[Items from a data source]
□ □ □

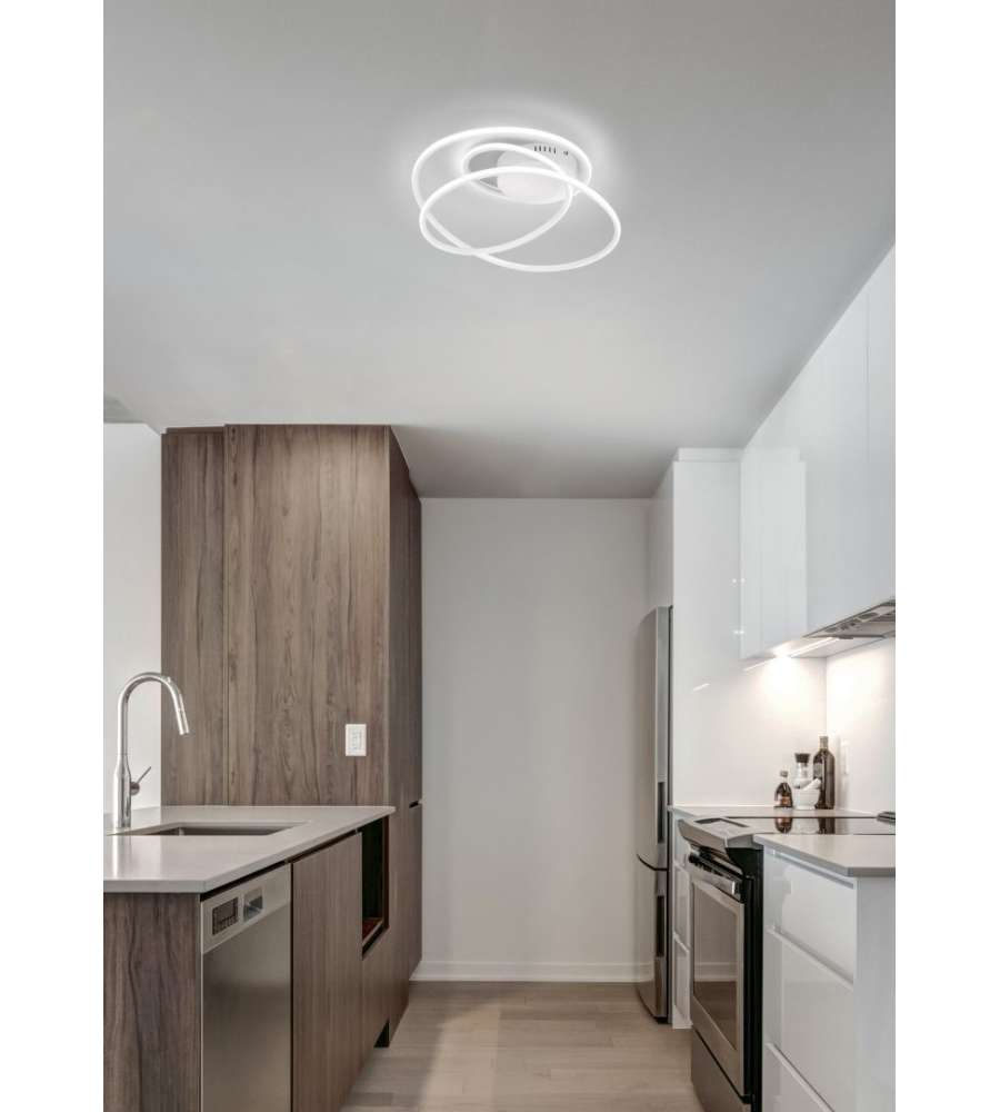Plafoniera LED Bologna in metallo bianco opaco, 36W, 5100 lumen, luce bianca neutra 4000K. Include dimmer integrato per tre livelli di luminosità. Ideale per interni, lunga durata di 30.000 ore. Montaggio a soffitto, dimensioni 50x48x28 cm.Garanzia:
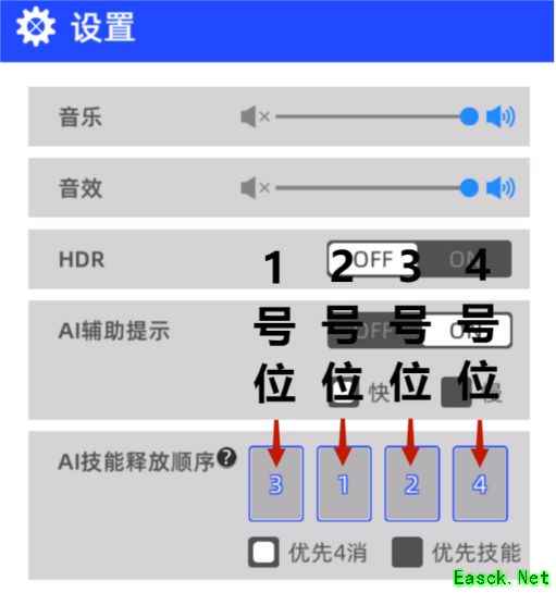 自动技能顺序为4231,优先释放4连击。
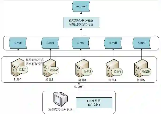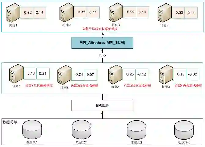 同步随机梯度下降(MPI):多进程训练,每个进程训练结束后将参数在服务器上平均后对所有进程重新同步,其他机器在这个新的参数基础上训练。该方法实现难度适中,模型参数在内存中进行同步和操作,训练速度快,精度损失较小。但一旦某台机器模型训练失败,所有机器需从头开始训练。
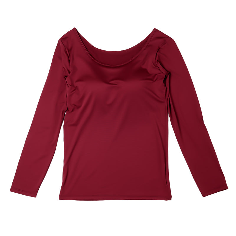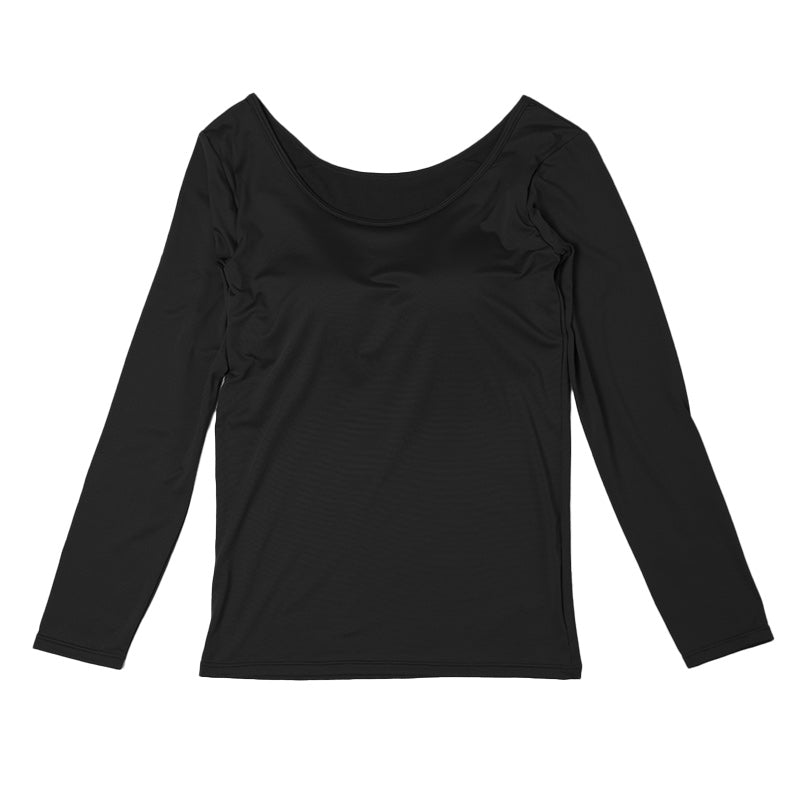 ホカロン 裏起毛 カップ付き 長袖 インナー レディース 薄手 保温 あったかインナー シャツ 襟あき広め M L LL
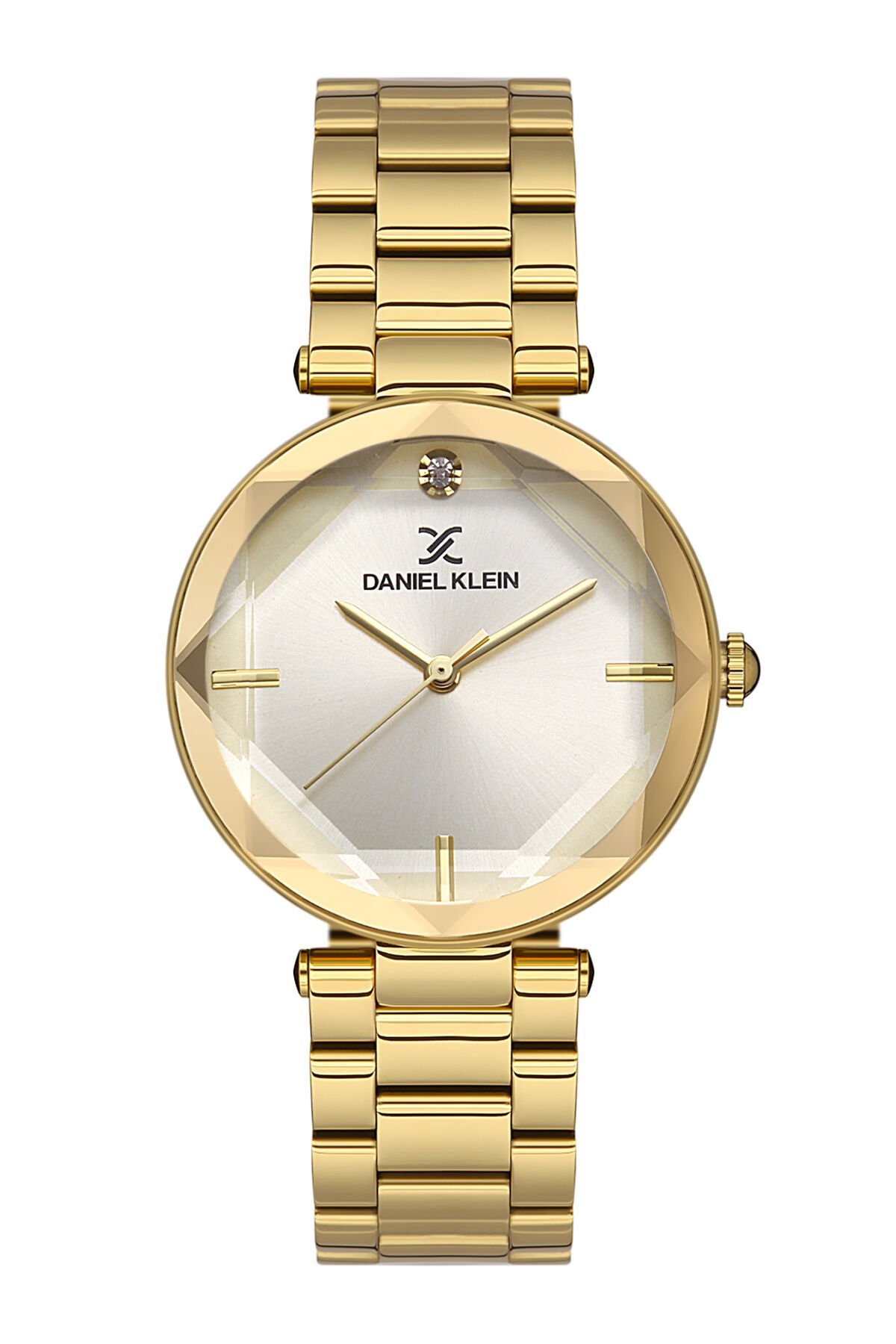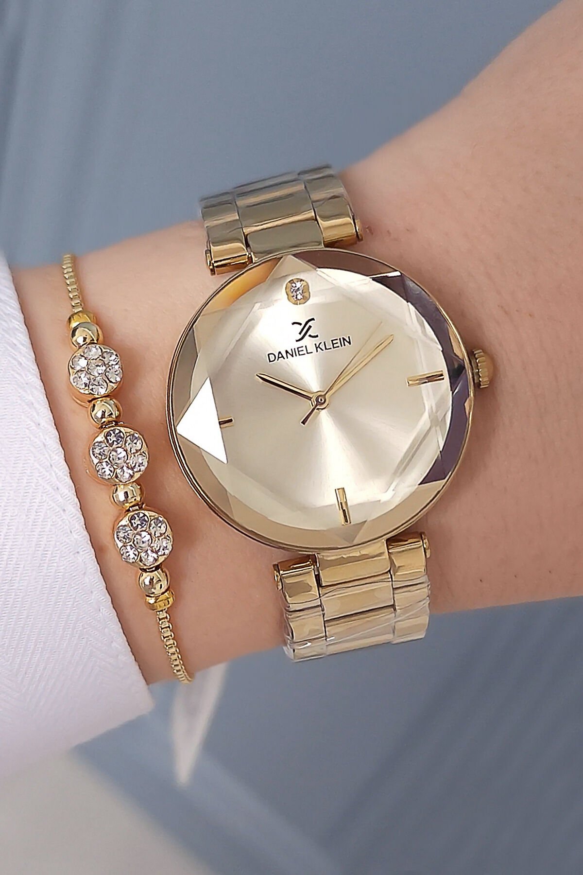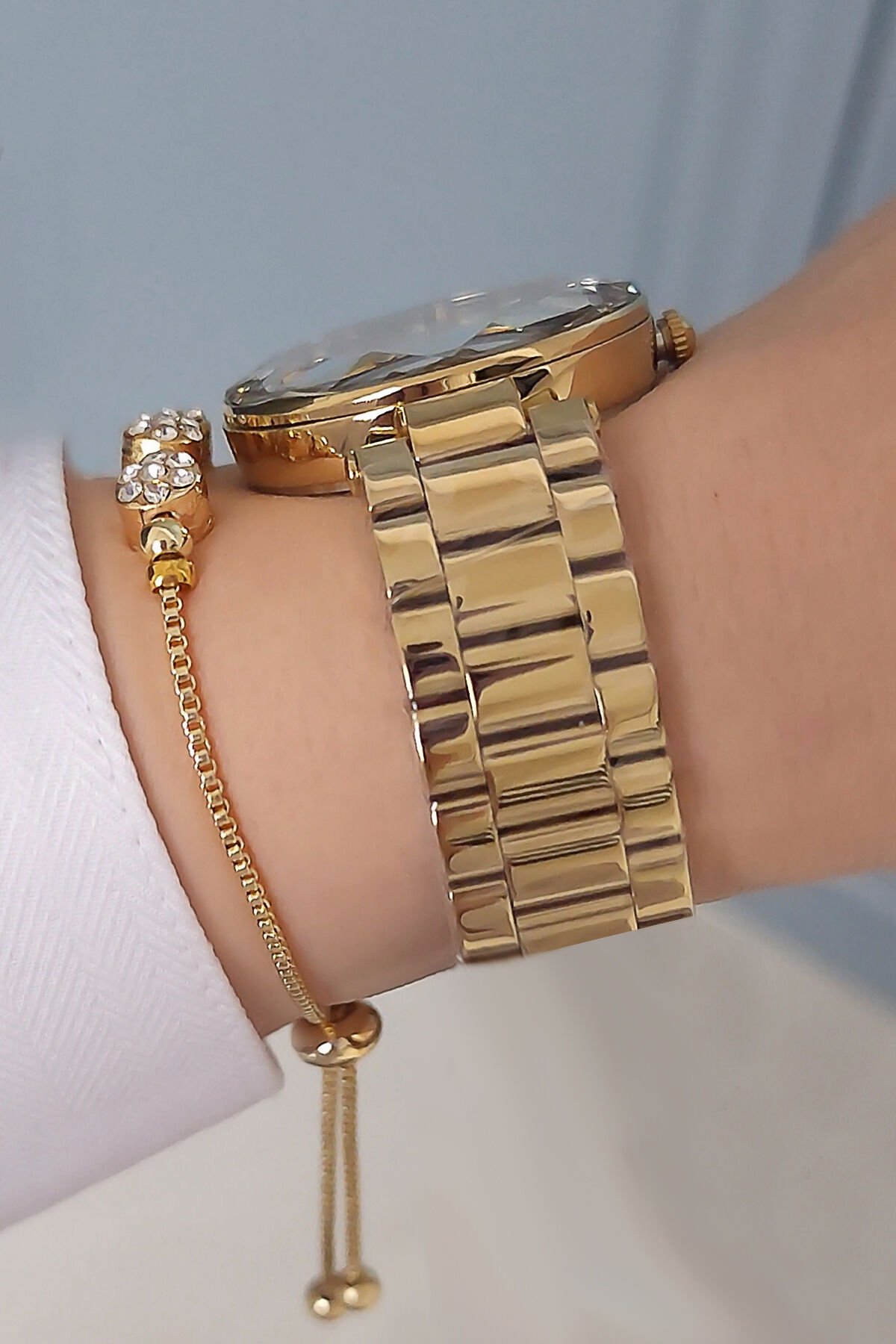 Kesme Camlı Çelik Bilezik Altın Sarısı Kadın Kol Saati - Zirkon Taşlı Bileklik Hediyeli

□ □ □

[Problem details]
Copy the records above from the first line through the line containing "自动技能顺序为4231,优先释放4连击。", both included, and leave out any pictures.

[Task result]
Plafoniera LED Bologna in metallo bianco opaco, 36W, 5100 lumen, luce bianca neutra 4000K. Include dimmer integrato per tre livelli di luminosità. Ideale per interni, lunga durata di 30.000 ore. Montaggio a soffitto, dimensioni 50x48x28 cm.Garanzia:
 自动技能顺序为4231,优先释放4连击。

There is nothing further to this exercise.